The Audit AI's job is to bridge this gap. When the Coding AI is going in circles, the Audit AI surfaces:

What the actual problem is
Why the current approach isn't working
What the two or three viable paths forward look like

This gives the human enough structured information to make a decision — even without deep technical expertise. The human doesn't need to know the answer. They just need enough context to point in the right direction.

The human's job is not to code. It is to think, decide, and unblock.

Who Is This For?

Non-developers

CARE Loop makes it possible to build real, working software through AI — without writing code yourself. The human role is not coding; it is directing: designing the blueprint, curating the context, and reviewing the audit. If you can think clearly and communicate precisely, you can build with CARE Loop.

Developers

If you already know how to code, CARE Loop is a multiplier. The structured approach — audit at every step, context managed deliberately, RAG preserving institutional memory — means you can tackle projects of a complexity and quality that ad-hoc AI usage simply cannot sustain. Large model or small, the framework scales.

The Human Is the System

This is the central philosophy of CARE Loop:

AI agents are powerful but stateless and fragile. Humans provide the continuity, judgment, and design that make them useful.
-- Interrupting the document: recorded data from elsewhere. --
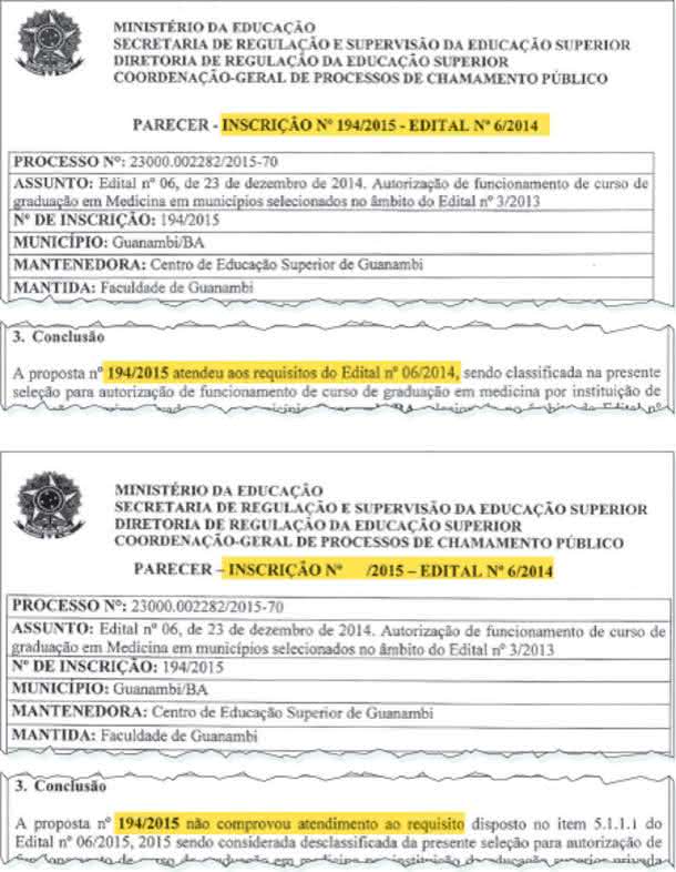 De acordo com o jornal, uma fonte de dentro do MEC teria trocado o parecer que classificava a Faculdade Guanambi por outro que desclassificava isso na véspera da divulgação em 2015. Naquele período, ficou suspensa por mais de um ano por determinação da Justiça, mas em outubro de 2016 a FIP-MOC foi oficializada como vencedora do edital para ofertar o curso através do Mais Médicos.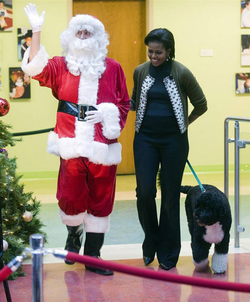 Согласно традиции, автором которой является первая леди Бесс Трумэн, Мишель Обама вместе с Санта-Клаусом идет навестить пациентов, сотрудников и гостей Национального медицинского центра для детей в Вашингтоне. Для этого визита первая леди выбрала жакет от J.Crew.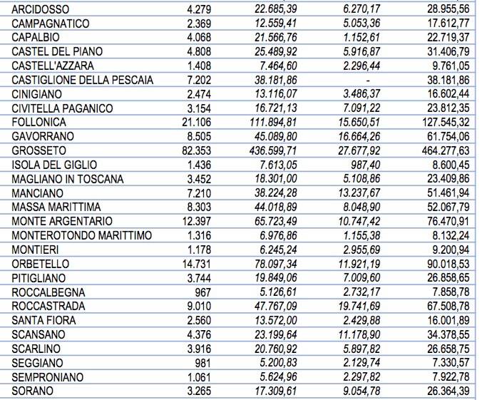- 4a colonna: importo derivante dalla ripartizione in base alla differenza tra il reddito pro capite e il reddito medio nazionale.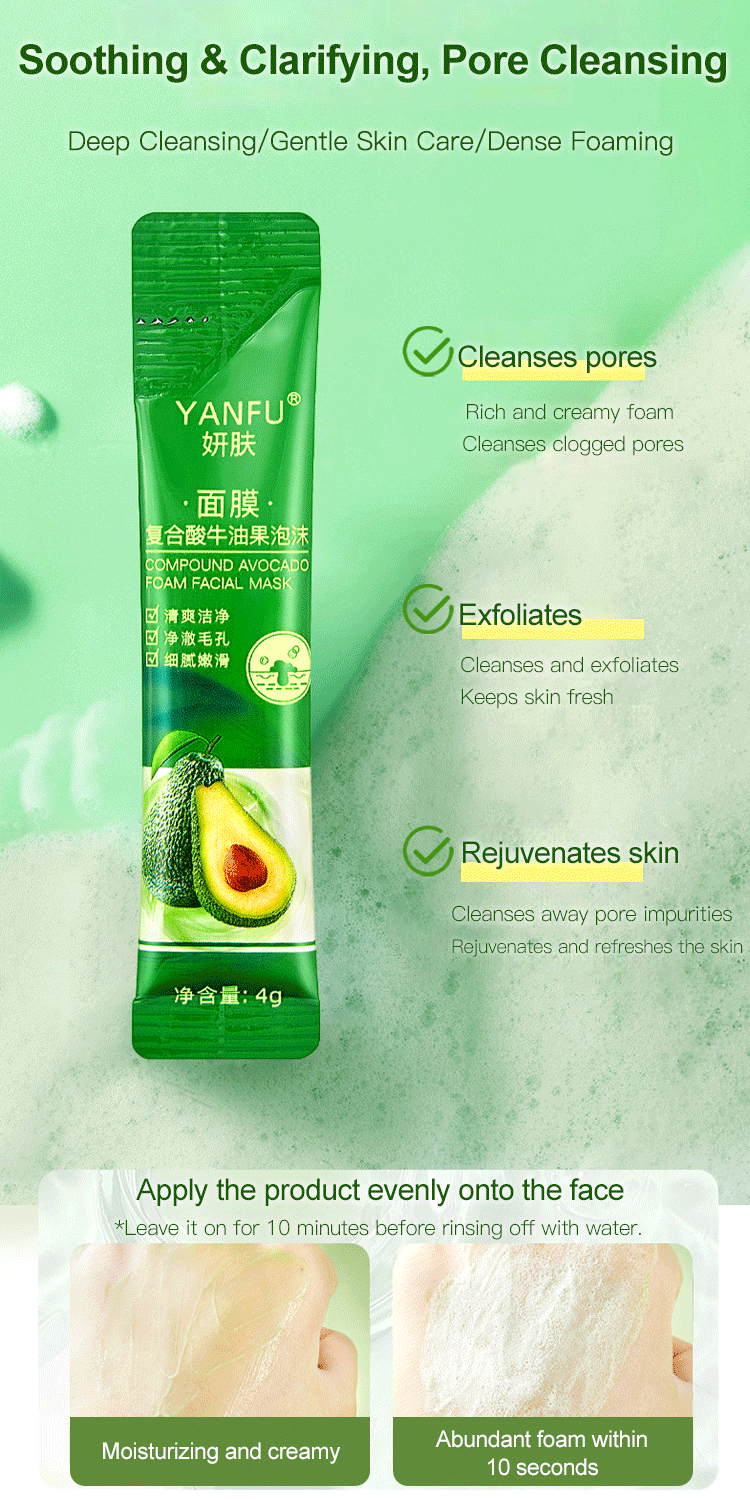 The YANFU Complex Acid Avocado Cleansing Facial Bubble Mask is an advanced skincare solution formulated to effectively penetrate and dissolve dirt layer by layer, providing a thorough and revitalizing cleanse. Infused with the natural potency of green tea and fortified with essential vitamins, this mask works diligently to deeply penetrate the skin, targeting embedded impurities and pollutants.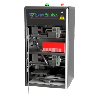 Imagine being able to print a complete multimaterial device structure from solid materials in one run without ever touching a drop of ink. That’s exactly what NanoPrintek’s printers offer. The technology works by ablating nanoparticles from a target pellet using a finely tuned laser, propelling them toward a substrate, and then sintering them instantly into a fully formed pattern. Everything happens in real time, without chemicals, binders, or additional processing.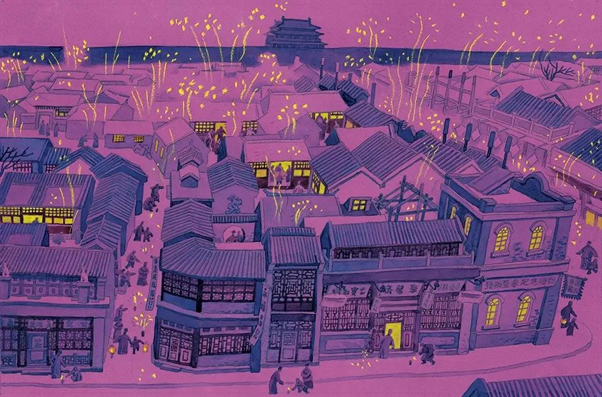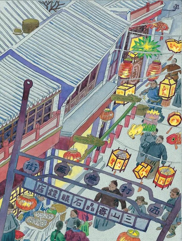 从腊八起,铺户中就加紧地上年货,街上加多了货摊子——卖春联的、卖年画的、卖蜜供的、卖水仙花的等等都是只在这一季节才会出现的。这些赶年的摊子都教儿童们的心跳得特别快一些。在胡同里,吆喝的声音也比平时更多更复杂起来,其中也有仅在腊月才出现的,像卖宪书的、松枝的、薏仁米的、年糕的等等。
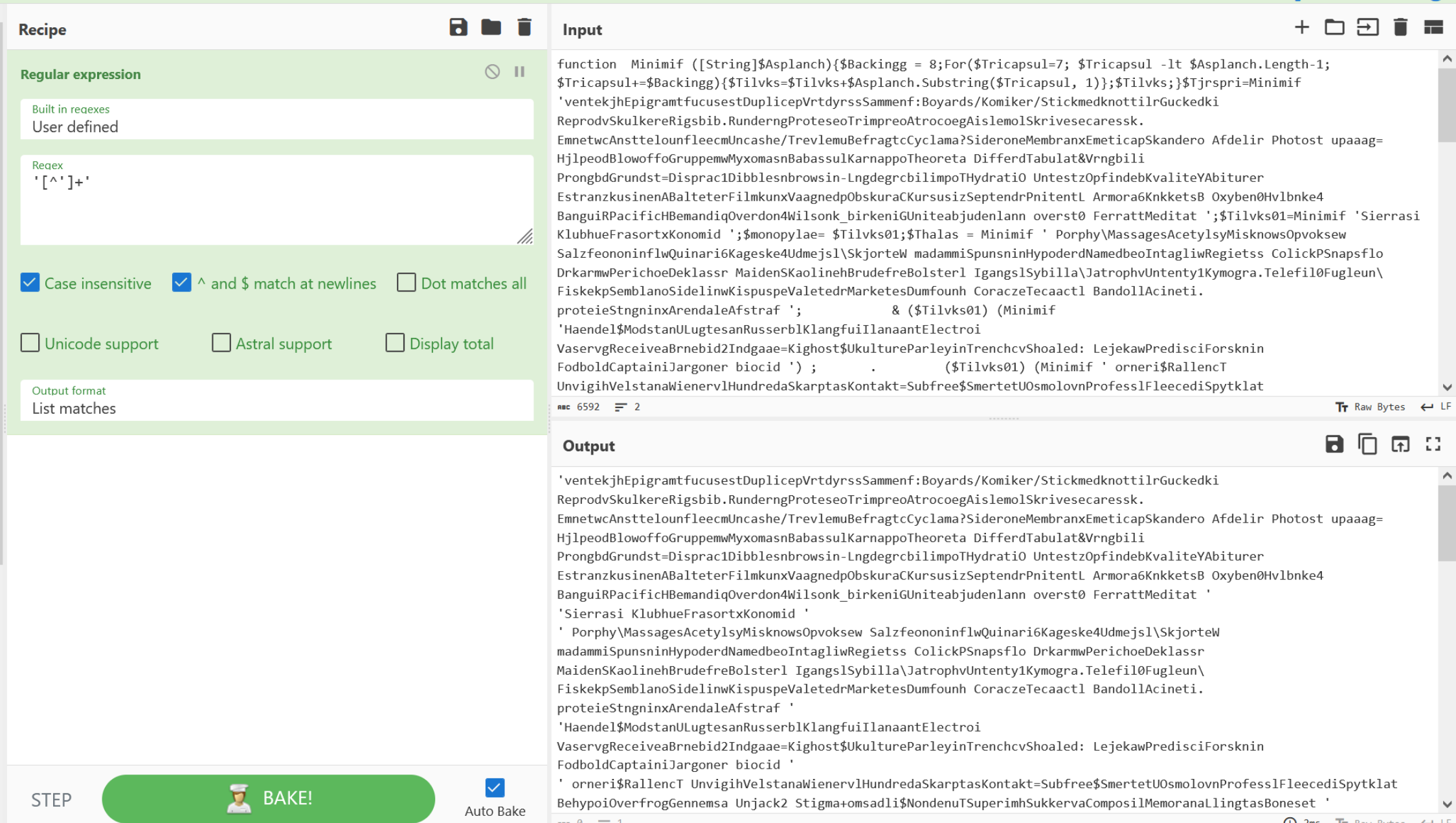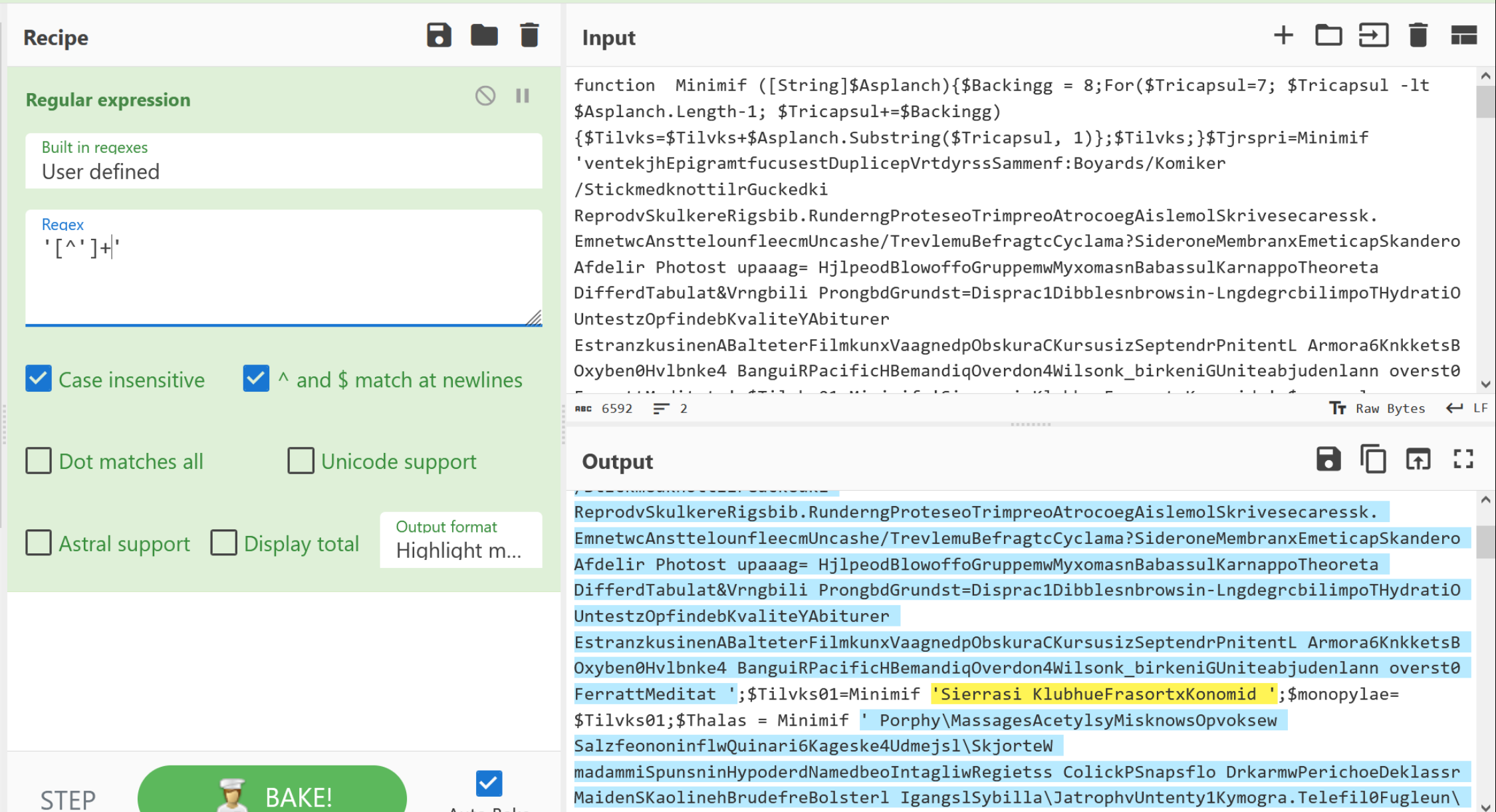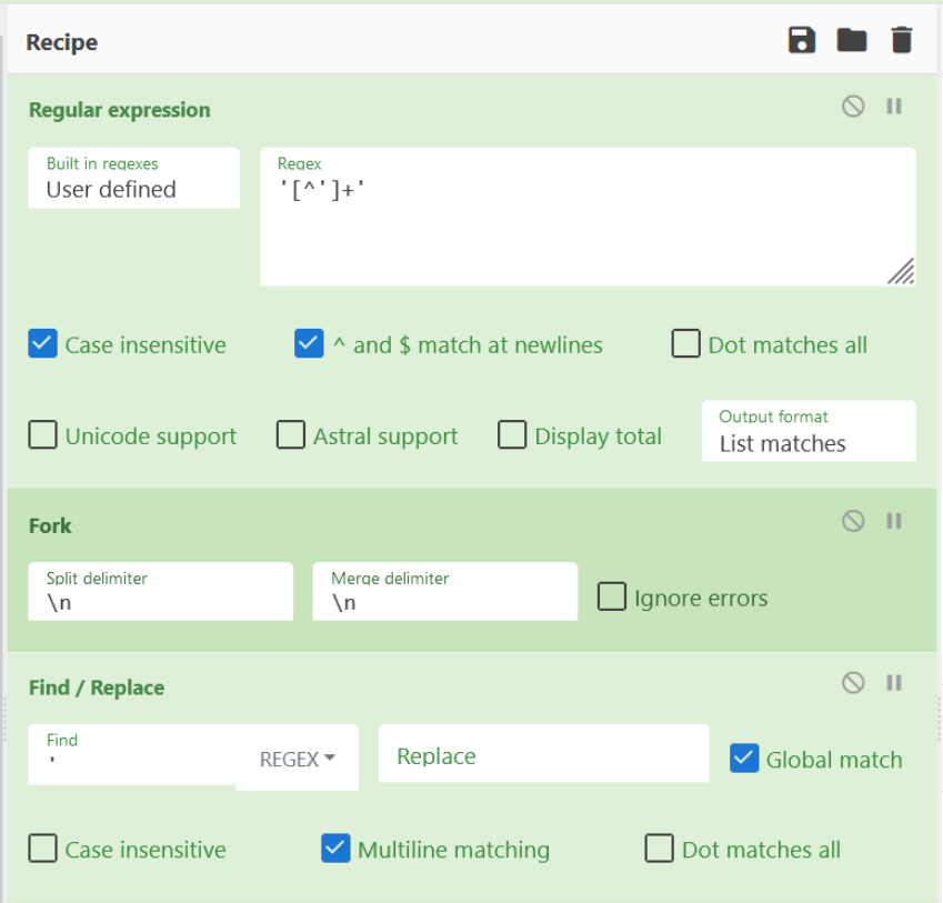 With the output looking as expected, we can go ahead and apply our previous regex to the CyberChef Recipe.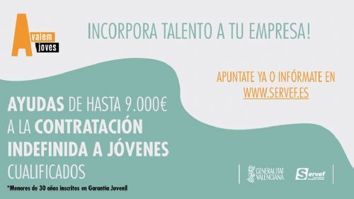La Conselleria d’Economia Sostenible, Sectors Productius, Comerç i Treball, va publicar l’Orde per la qual s’establixen les bases reguladores del programa de foment d’ocupació per a la contractació de persones jóvens qualificades (AVALEM JOVES), en el marc del Sistema Nacional de Garantia Juvenil, l’objectiu del qual és la concessió de subvencions per a fomentar la contractació indefinida inicial de les persones jóvens qualificades, que figuren inscrites en el fitxer del Sistema Nacional de Garantia Juvenil en l’àmbit territorial de la Comunitat Valenciana. Podrà ser beneficiari d’estes ajudes qualsevol ocupador de naturalesa jurídica privada, inclosos els treballadors autònoms, amb àmbit d’actuació a la Comunitat Valenciana.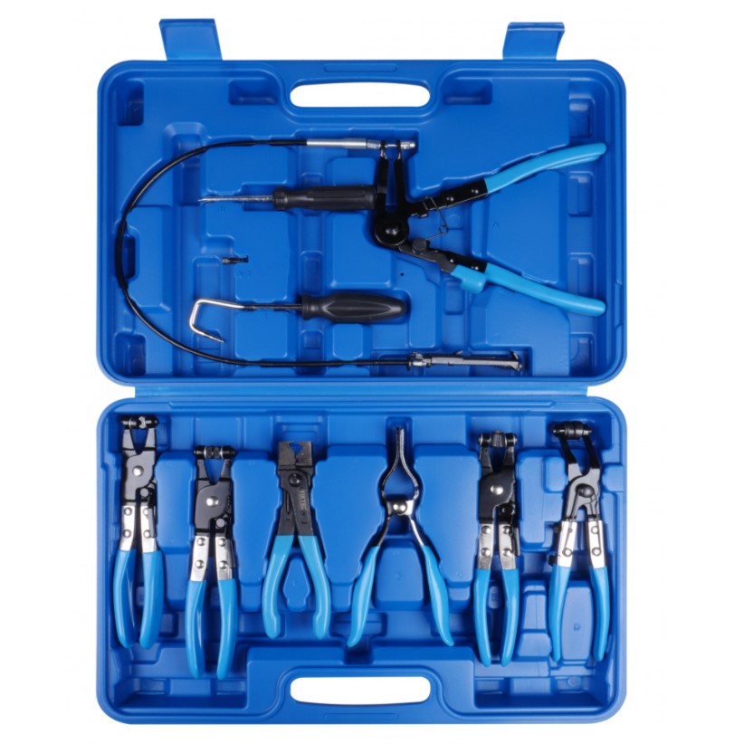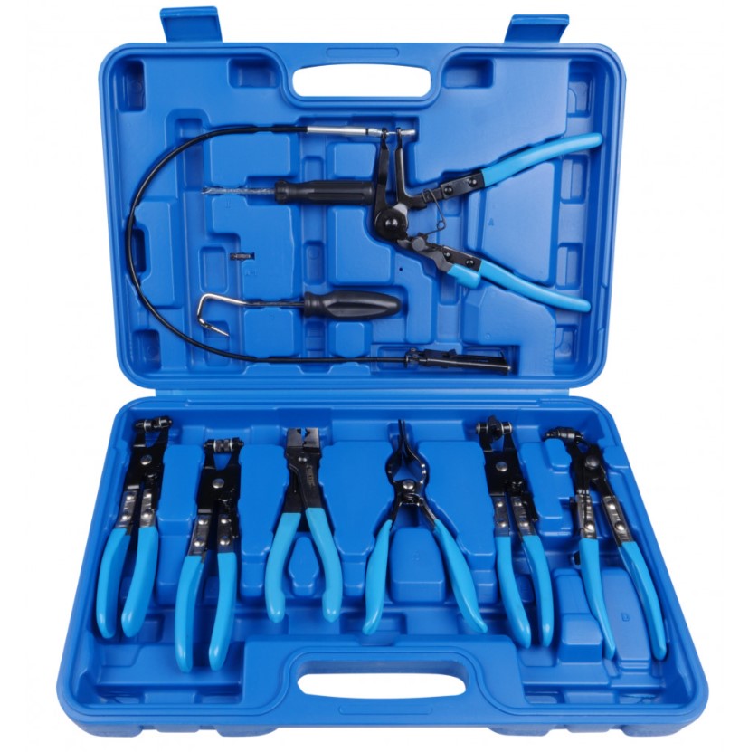 Комплектація: Кліщі для пружинних хомутів із ізольованим тросиком L=630 мм. Кліщі для пружинних хомутів вигнуті. Кліщі для зняття хомутів прямі. Кліщі для хомутів CLIC-R. Кліщі для зняття шлангів. Кліщі для зняття плоских хомутів. Кліщі для зняття плоских хомутів вигнуті. Викрутка. Гак для зняття шлангів.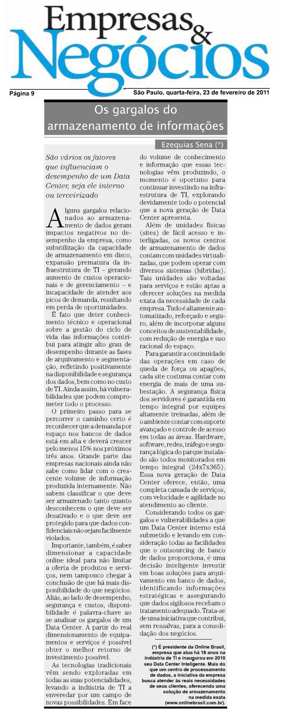 Clipping JORNAL EMPRESAS & NEGÓCIOS (IMPRESSO E DIGITAL) - Os gargalos do armazenamento de informações 23/02/2011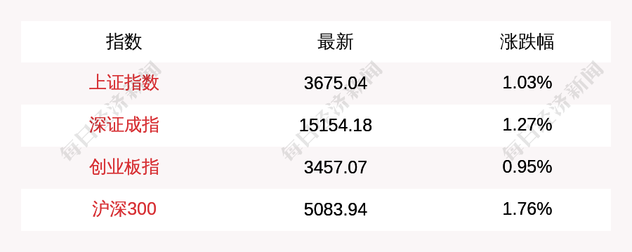 每经AI快讯:北京时间12月9日11:30,上证指数早盘上涨37.47点,涨幅为1.03%,报收3675.04点,成交额3424.13亿元;深证成指上涨189.72点,涨幅为1.27%,报收15154.18点,成交额4330.1亿元;创业板指上涨32.37点,涨幅为0.95%,报收3457.07点,成交额1599.34亿元;沪深300上涨88.01点,涨幅为1.76%,报收5083.94点,成交额2572.64亿元。

The framework does not try to make AI autonomous. It makes the human + AI collaboration more reliable, more structured, and more productive — especially under the constraints of local, open-weight models.

A well-operated CARE Loop with a mid-sized local LLM will consistently outperform an unstructured session with a frontier model.

Current Status

🧠 Concept phase — The framework is defined. Implementation is in progress.

Planned components:

[ ] File watcher (Scribe): monitors project folder, records changes automatically
[ ] Token counter: tracks context usage across the session
[ ] RAG builder: structures session summaries for retrieval
[ ] Reset trigger: detects degradation threshold and initiates reincarnation
[ ] Dashboard UI: four-panel view (prompt / code / token status / progress log)

Target stack: Python · Ollama · Local LLMs (Gemma 4, Qwen2.5-Coder, etc.) · VS Code + Cline

Philosophy in One Sentence

Give the AI a great blueprint, feed it only what it needs, watch it closely, unblock it when it's stuck, and reset it before it loses its mind.

Contributing

This project is in its earliest stage. If the concept resonates with you — whether you are a developer, a researcher, or a non-technical builder — ideas, feedback, and contributions are welcome.

The goal is a framework that works for everyone: not just those who can afford the biggest models, but anyone willing to think carefully before they prompt.

Started by a non-developer who got tired of AI going off the rails — and decided to build the reset button.